GOAL is an implementation of yet another distributed Big Data analytics system, leveraging Australian National eResearch Collaboration Tools and Resources NeCTAR Cloud Platform. However, it is not limited to NeCTAR. In fact it can easily adapt to any OpenStack based Cloud Platform or AWS with minimal effort.
GOAL Project is done by Team 1 of Cluster and Cloud Computing COMP90024_2017_SM1, The University of Melbourne. The meaning of GOAL discussed at team kick off meeting.
The GOAL application itself comprises of 3 key software components. They are
- Harvester - programs to ingest tweets from Twitter to internal database
- Analytics - programs to study the analysis cases and topics, mainly Natural Language Processing
- Visualization - web application to visualize the the analytic cases
The Figure 1 shows the overview of how GOAL software component interact each other and the data flow. It starts by [1 to many] harvester instances ingesting streaming tweets as well as targeted-topics-search tweets into internal CouchDB. Harvesters also tag tweets if a topic is defined for an analytic case. Harvested tweets are consumed by both analytic programs and web application instances. These are all individual Python programs and modules - leveraging both Python2 and Python3 and, its related software packages and libraries - deploy and run independent of each others in a sense of distributed way.

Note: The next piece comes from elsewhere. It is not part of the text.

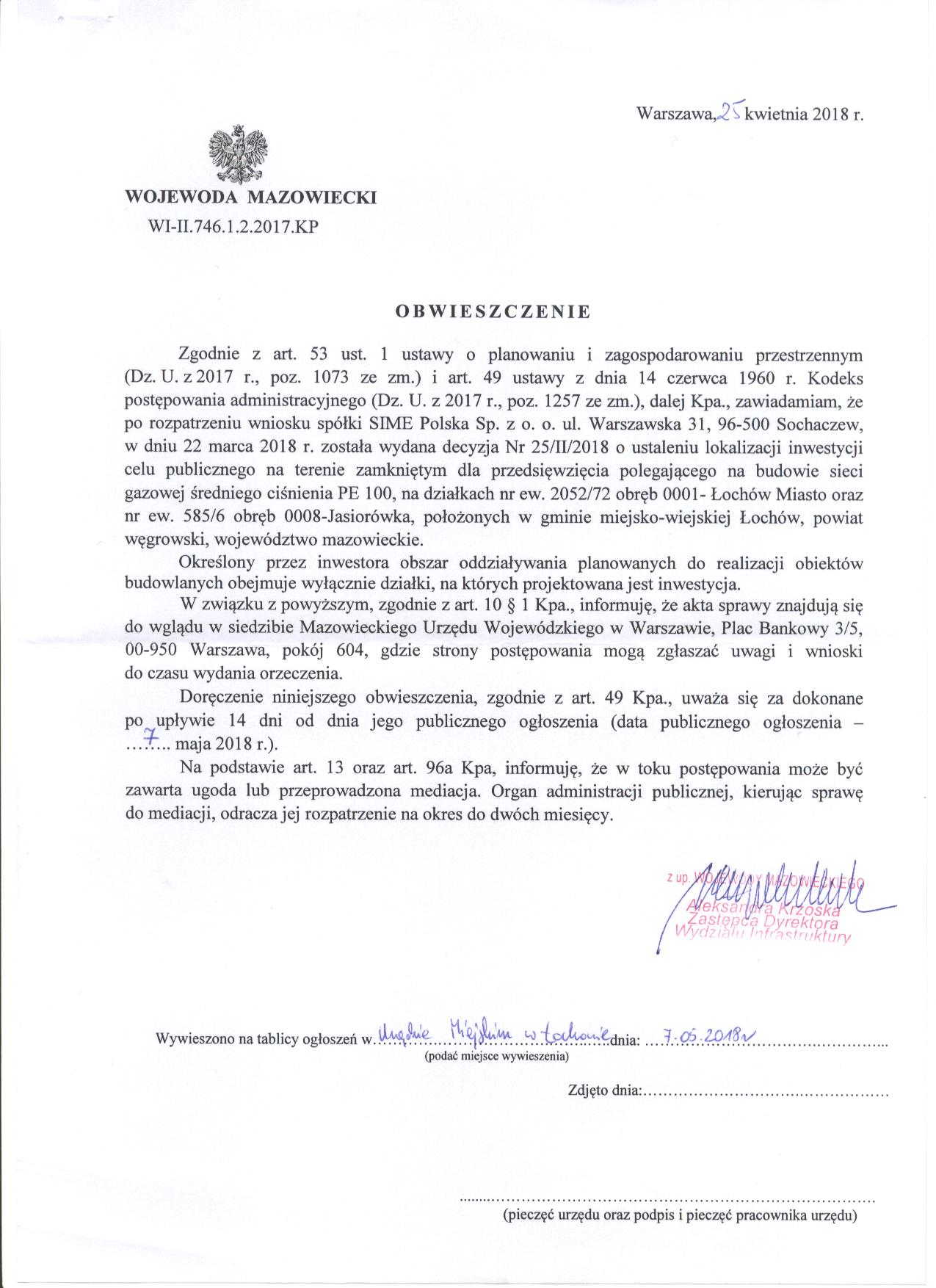 Obwieszczenie Wojewody Mazowieckiego
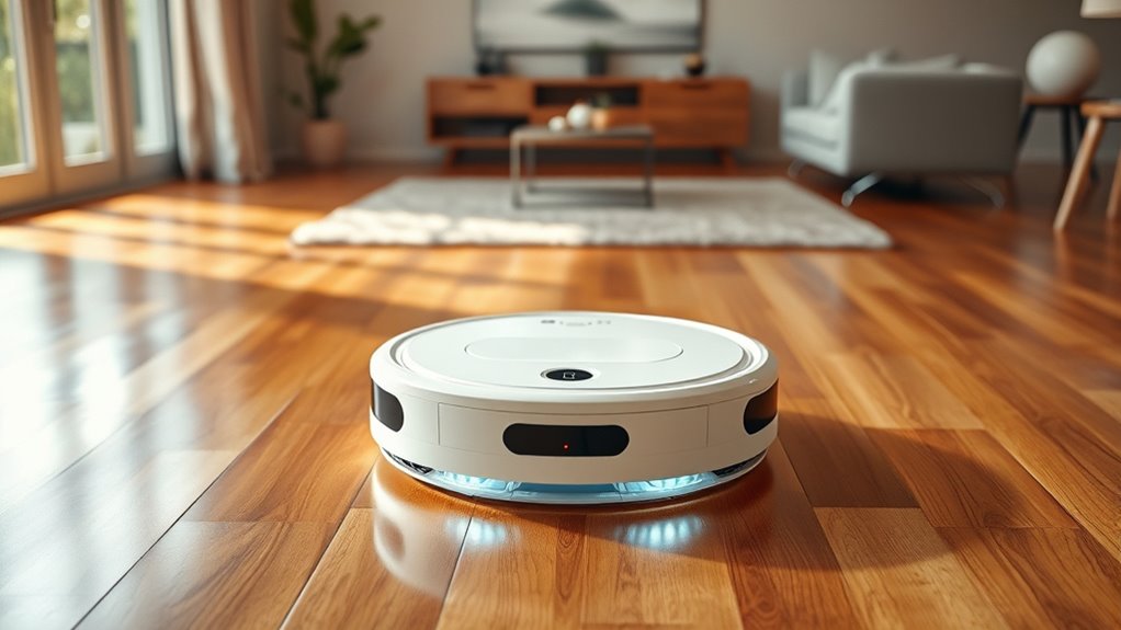 Imagine effortlessly gliding through your home as these robotic mops quietly sweep and scrub, leaving every surface gleaming. With their auto-cleaning bases, maintenance feels like a breeze, so you can relax and enjoy spotless floors without lifting a finger. These smart devices turn your cleaning routine into a seamless dance—clean, refresh, and repeat—making your home feel fresh and inviting every day. Ready to let technology do the hard work for you?

Another design goal is the GOAL application and its backbone infrastructure are able to deploy up to any N-numbers of instances, i.e. dynamically scale out to cope with scalability requirement for most demanding analytic cases. It has design in mind such that leveraging CouchDB Cluster as well as Spark Cluster to power house the demanding Natural Language Process pipelines and MapReduce jobs. This process of setting up of infrastructure has to be quick, idempotent and automated way. It is targeted towards Cloud Computing and Cloud Platforms. Figure 2 depict the experimental setup on NeCTAR Cloud Platform for 4 medium size VM instances and 4 small size VM instances during GOAL 2017 SM1 Sprint.
GOAL system demo video recorded during GOAL 2017 SM1 Sprint.
https://www.youtube.com/watch?v=WUNTp3diXdw
Trying GOAL requires Cloud Resouces. If you have these resoureces in hand, you can checkout/clone the GOAL code and start with Automaton. Each software package contains README on how to get started. Then you can read Wiki for how to get involved with the project further or need helps.